◆ **Exercise brief**: Although the data holds pictures, return only the lines from the one containing "为深入贯彻落实国家语言文字政" to the end, exactly, and without them.

◆ **Provided material**:
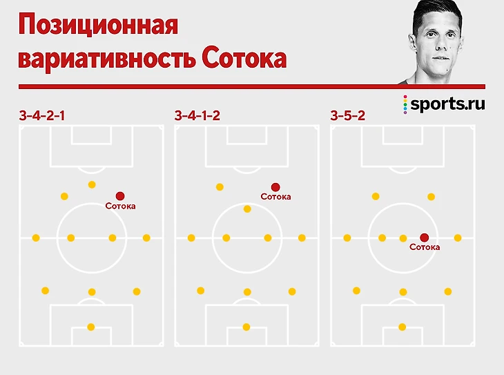 И пусть. Потому что Сотока превратился в одного из умнейших футболистов лиги. Флориан преуспевает в поиске пространства между защитой и полузащитой соперника, в обостряющих передачах за спины, а еще уместно оттягивается в глубину (чтобы помочь с продвижением) и на фланги (чтобы перегрузить фланг, растянуть линию защиты или попробовать обострить из более свободной зоны, чем центральная ось).
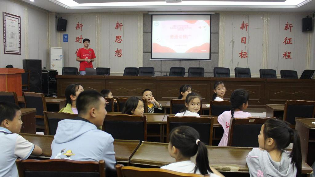 为深入贯彻落实国家语言文字政策,强化公民语言规范意识,提升城市文化软实力,助力普通话推广,7月10日下午,伟德国际bevictor暑期“三下乡”乡村振兴促进团与仙女山街道石梁子社区结对共建,在社区党群服务中心合作开展普通话推广宣传活动。此次活动由研究生队员王立军主持。
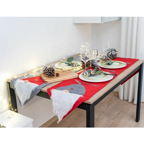 Новогодняя дорожка для стола спящий гном, фетр, красная, 35х180 см, Koopman International
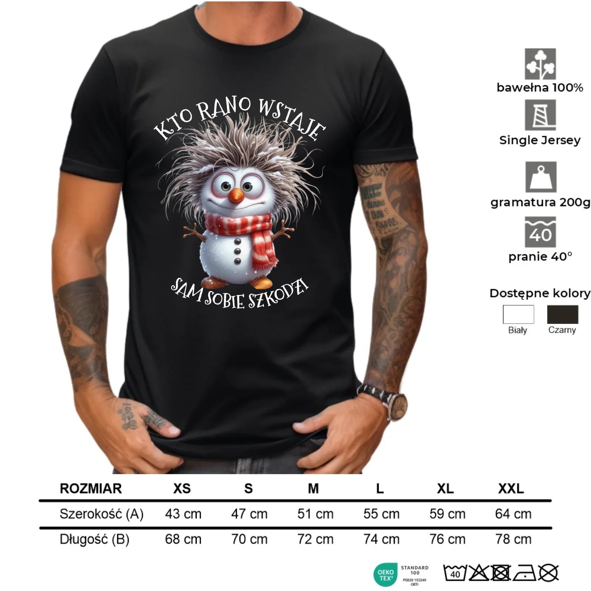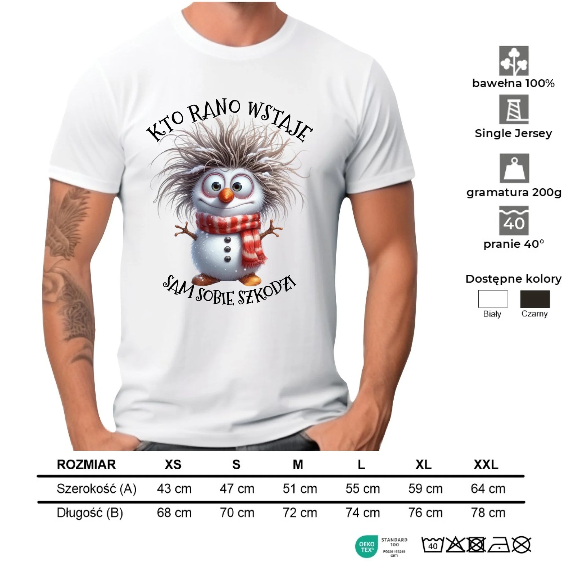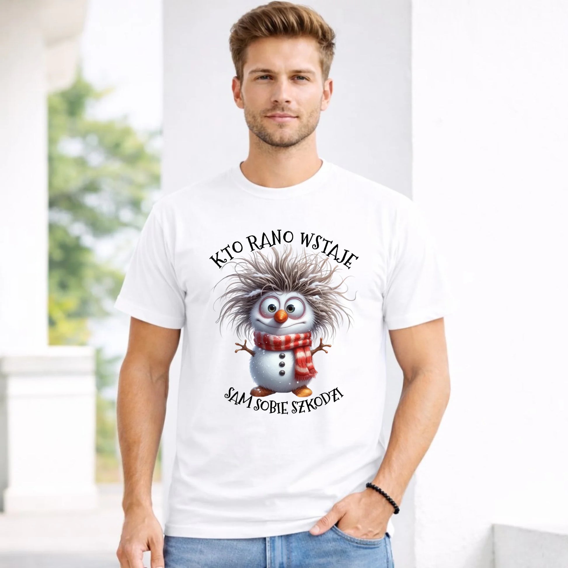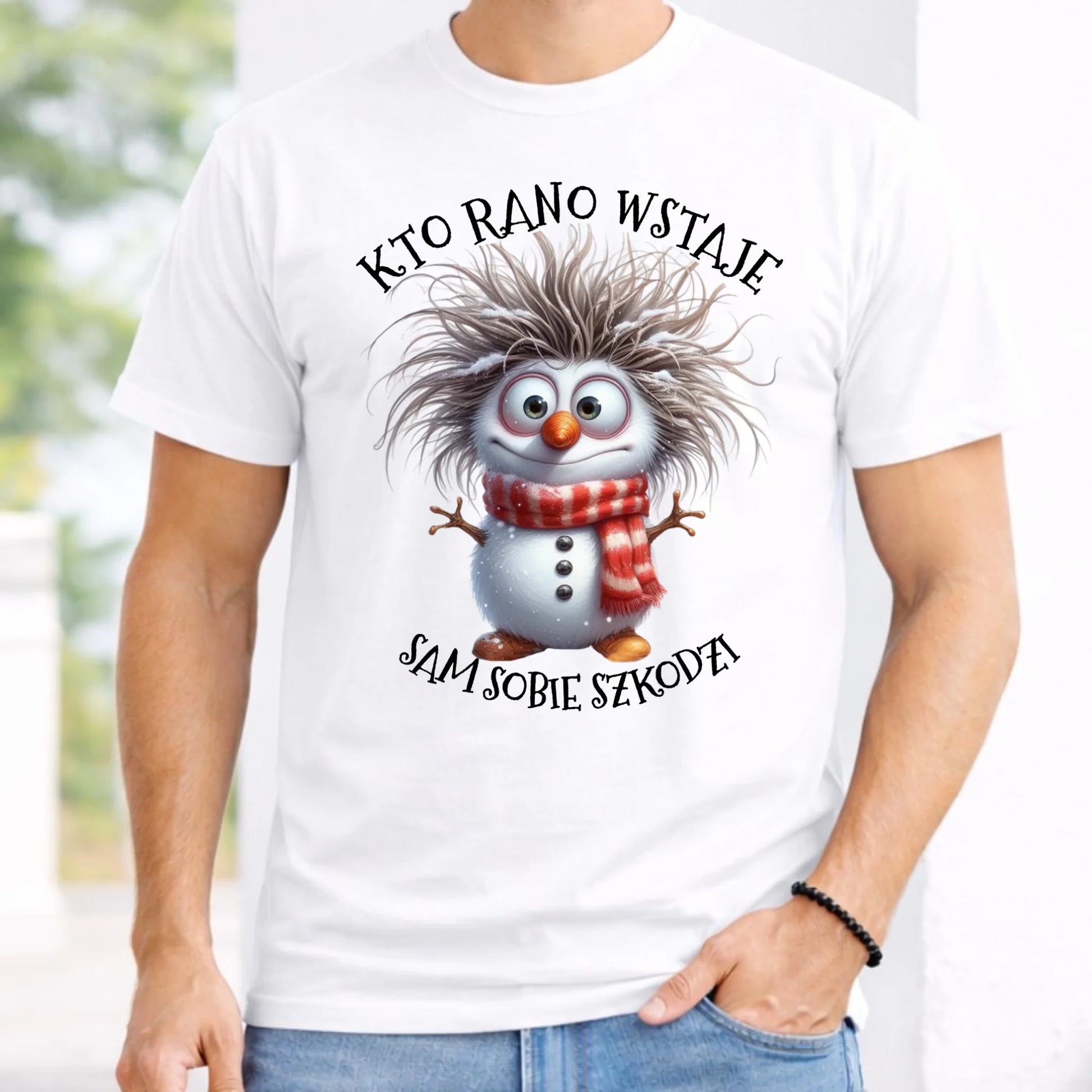 Koszulka męska świąteczna - Bałwanek - Kto rano wstaje sam sobie szkodzi BN133

◆ **Solution**:
 为深入贯彻落实国家语言文字政策,强化公民语言规范意识,提升城市文化软实力,助力普通话推广,7月10日下午,伟德国际bevictor暑期“三下乡”乡村振兴促进团与仙女山街道石梁子社区结对共建,在社区党群服务中心合作开展普通话推广宣传活动。此次活动由研究生队员王立军主持。
 Новогодняя дорожка для стола спящий гном, фетр, красная, 35х180 см, Koopman International
 Koszulka męska świąteczna - Bałwanek - Kto rano wstaje sam sobie szkodzi BN133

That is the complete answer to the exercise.